* **Assignment**
Restate word for word the lines below that run from the one holding "2019.6:长春市双阳区信仰科技有限公司,法人:宫景吉-网络1860601。" through the one holding "A baloldali bélyegen", inclusive. Pictures don't belong in the copy.

BEGIN Data excerpts

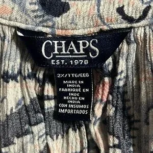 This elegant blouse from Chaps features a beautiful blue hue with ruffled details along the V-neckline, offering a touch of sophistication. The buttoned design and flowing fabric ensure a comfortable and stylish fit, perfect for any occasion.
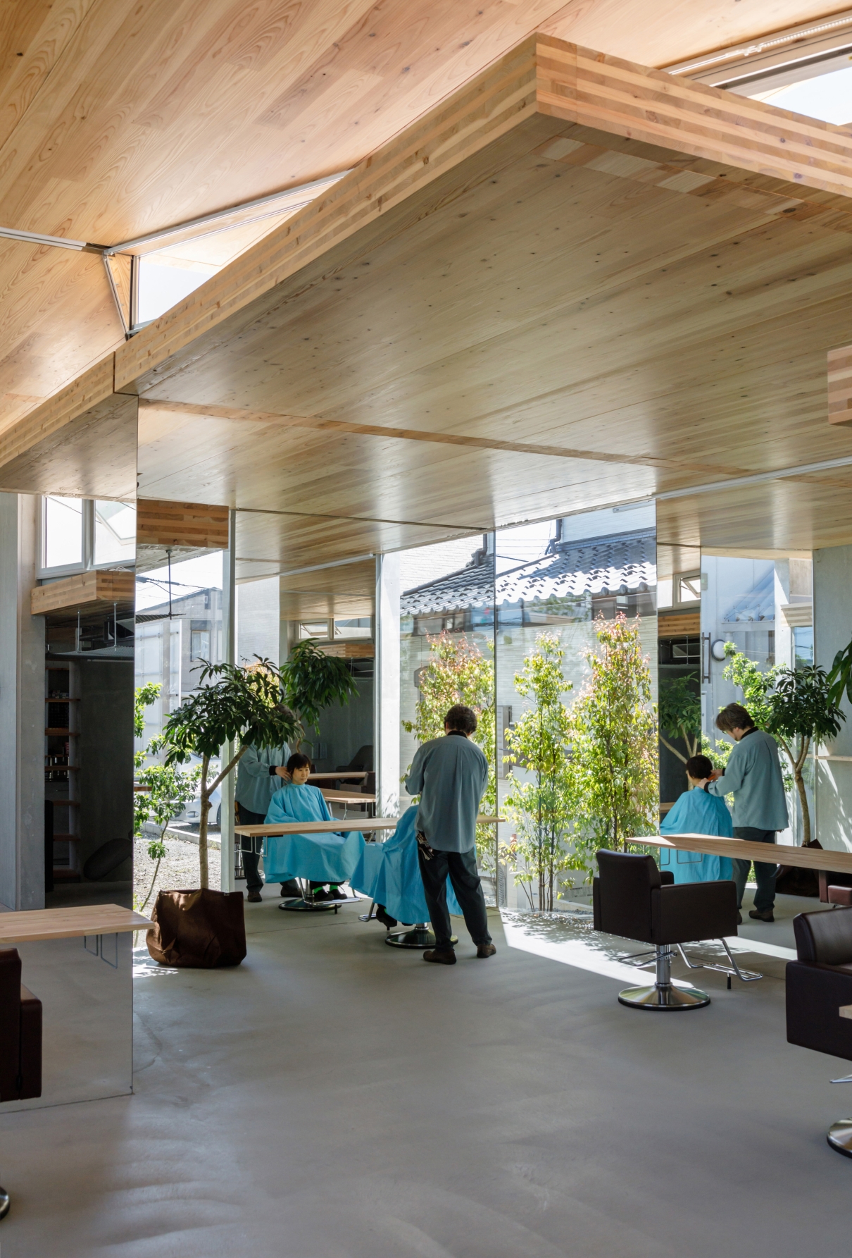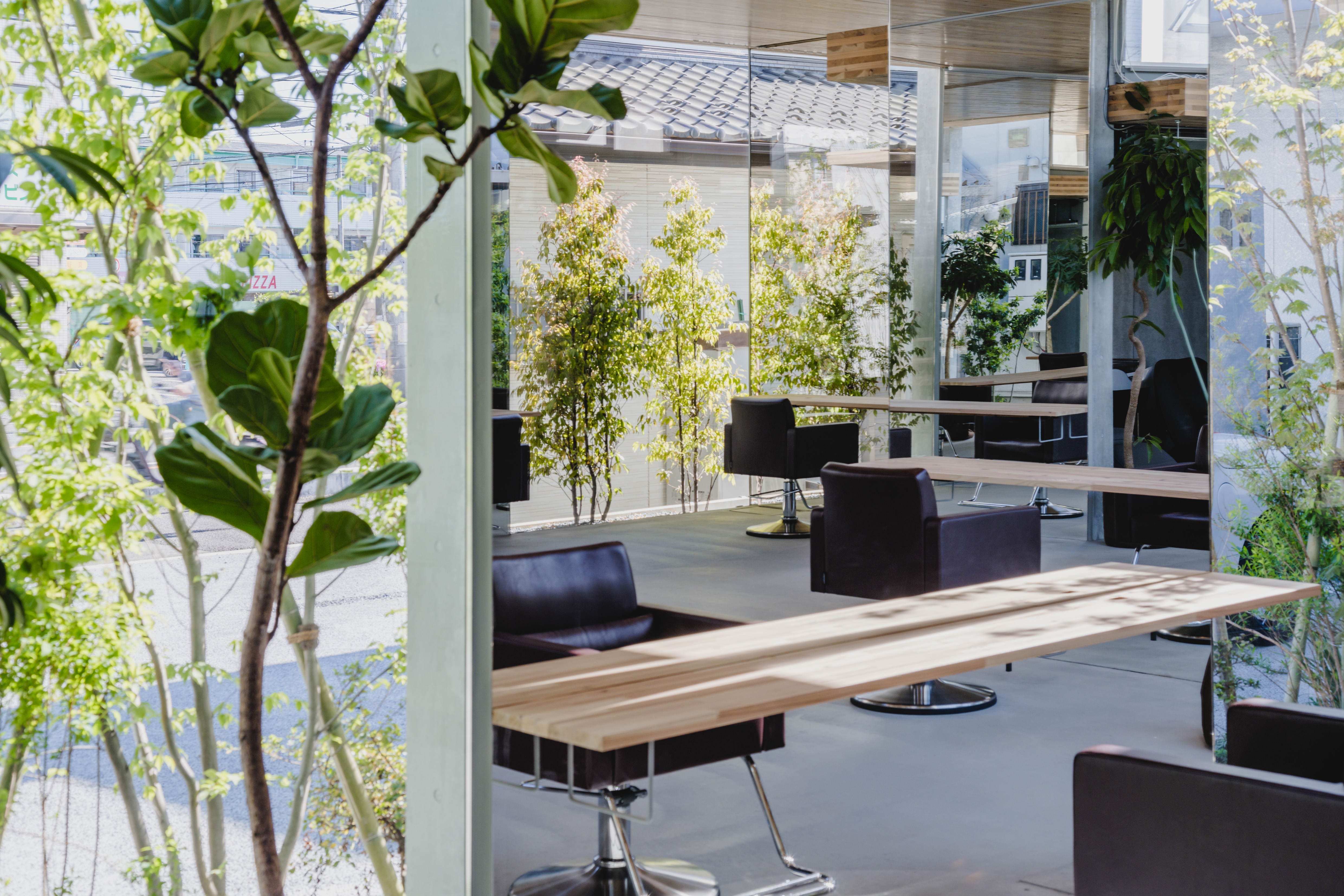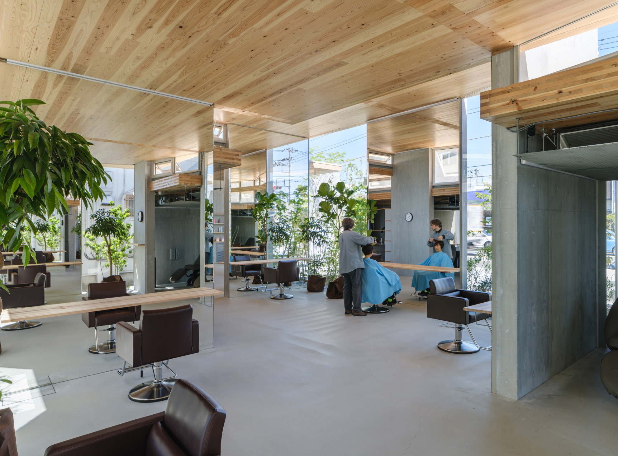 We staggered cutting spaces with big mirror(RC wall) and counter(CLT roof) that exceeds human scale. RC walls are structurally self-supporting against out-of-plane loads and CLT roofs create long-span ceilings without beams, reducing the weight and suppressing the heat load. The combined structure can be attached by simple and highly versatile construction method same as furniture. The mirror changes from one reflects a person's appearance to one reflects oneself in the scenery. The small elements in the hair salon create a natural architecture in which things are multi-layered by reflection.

END Data excerpts
BEGIN Data excerpts

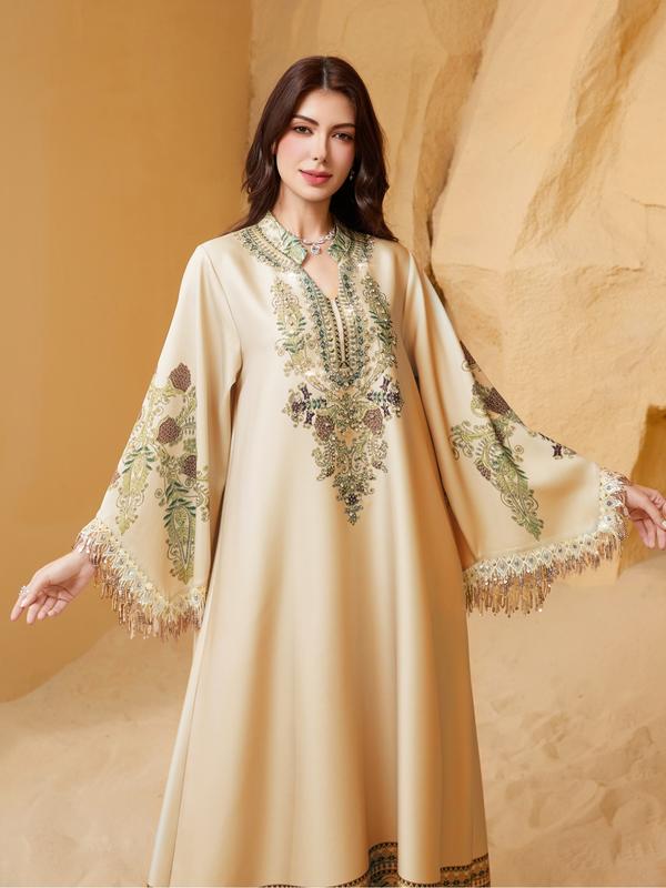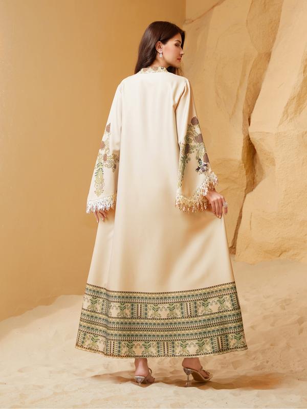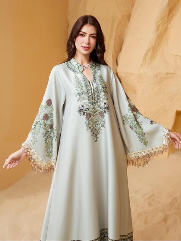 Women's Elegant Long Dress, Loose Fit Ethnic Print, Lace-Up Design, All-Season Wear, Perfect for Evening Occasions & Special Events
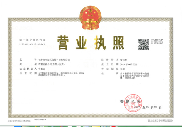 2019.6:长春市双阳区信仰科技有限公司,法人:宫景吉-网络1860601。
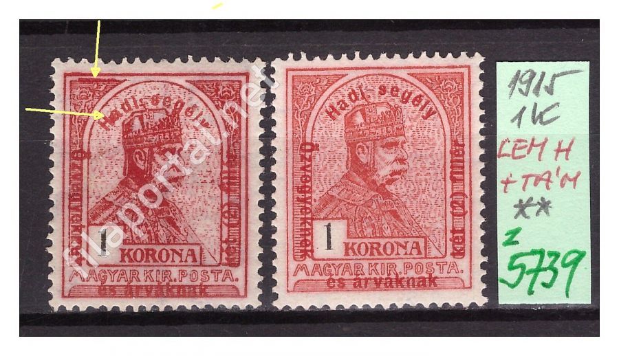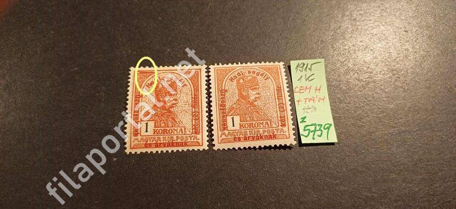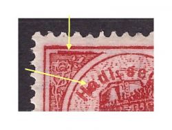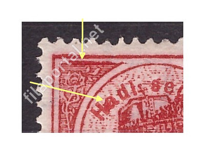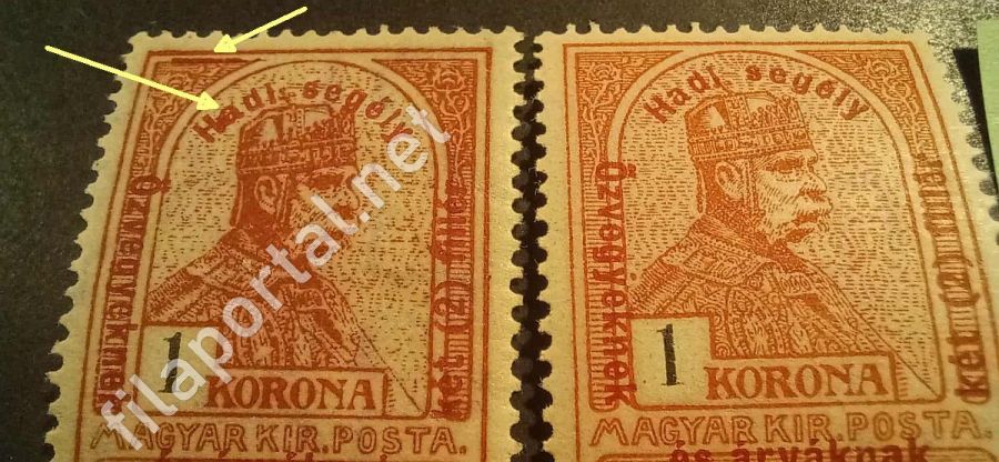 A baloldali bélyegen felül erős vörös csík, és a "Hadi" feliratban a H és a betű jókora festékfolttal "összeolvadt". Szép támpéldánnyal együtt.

END Data excerpts
BEGIN Data excerpts

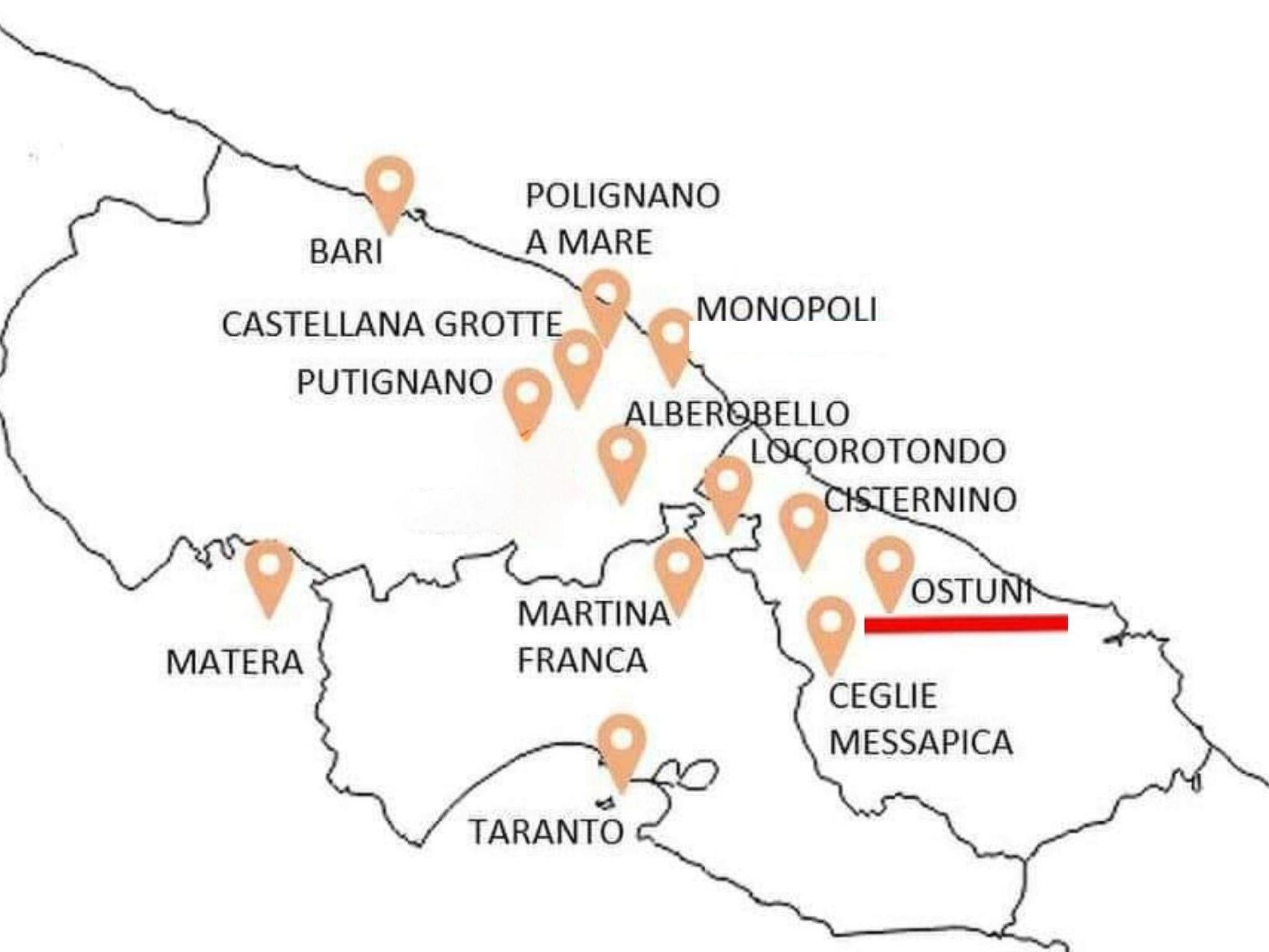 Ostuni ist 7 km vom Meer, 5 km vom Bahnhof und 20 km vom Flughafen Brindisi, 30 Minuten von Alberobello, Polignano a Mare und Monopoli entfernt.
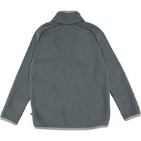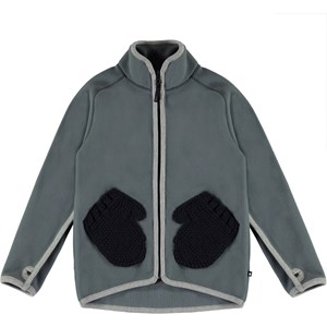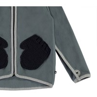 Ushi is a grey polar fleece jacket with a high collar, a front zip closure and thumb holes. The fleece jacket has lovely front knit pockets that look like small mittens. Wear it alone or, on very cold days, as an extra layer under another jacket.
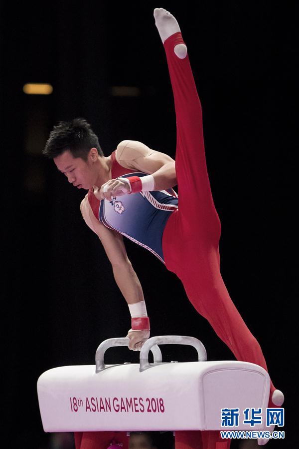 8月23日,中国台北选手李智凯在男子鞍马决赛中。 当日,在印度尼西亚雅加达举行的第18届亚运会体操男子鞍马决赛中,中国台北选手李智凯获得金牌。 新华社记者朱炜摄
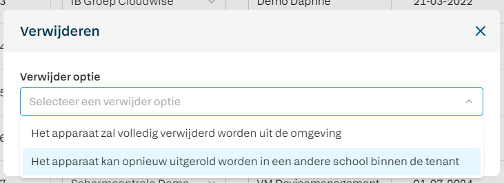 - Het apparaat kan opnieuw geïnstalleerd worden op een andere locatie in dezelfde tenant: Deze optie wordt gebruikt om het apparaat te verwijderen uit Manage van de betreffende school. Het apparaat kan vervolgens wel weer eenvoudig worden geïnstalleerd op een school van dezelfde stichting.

END Data excerpts

* **Exercise response**
 2019.6:长春市双阳区信仰科技有限公司,法人:宫景吉-网络1860601。
 A baloldali bélyegen felül erős vörös csík, és a "Hadi" feliratban a H és a betű jókora festékfolttal "összeolvadt". Szép támpéldánnyal együtt.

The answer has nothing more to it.